> Task directions: Copy exactly the lines of the material below that run from the one containing "Com ele foram" through the one containing "- Durable Construction: The". Copy no other lines.

> Input material:
*****
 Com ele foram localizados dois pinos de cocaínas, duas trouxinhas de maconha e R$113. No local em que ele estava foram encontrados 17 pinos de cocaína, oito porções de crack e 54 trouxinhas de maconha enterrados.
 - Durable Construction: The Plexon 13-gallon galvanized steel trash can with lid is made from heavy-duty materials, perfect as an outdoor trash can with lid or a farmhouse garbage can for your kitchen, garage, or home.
*****
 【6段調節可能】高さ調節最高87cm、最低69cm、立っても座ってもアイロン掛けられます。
*****
> Response:
 Com ele foram localizados dois pinos de cocaínas, duas trouxinhas de maconha e R$113. No local em que ele estava foram encontrados 17 pinos de cocaína, oito porções de crack e 54 trouxinhas de maconha enterrados.
 - Durable Construction: The Plexon 13-gallon galvanized steel trash can with lid is made from heavy-duty materials, perfect as an outdoor trash can with lid or a farmhouse garbage can for your kitchen, garage, or home.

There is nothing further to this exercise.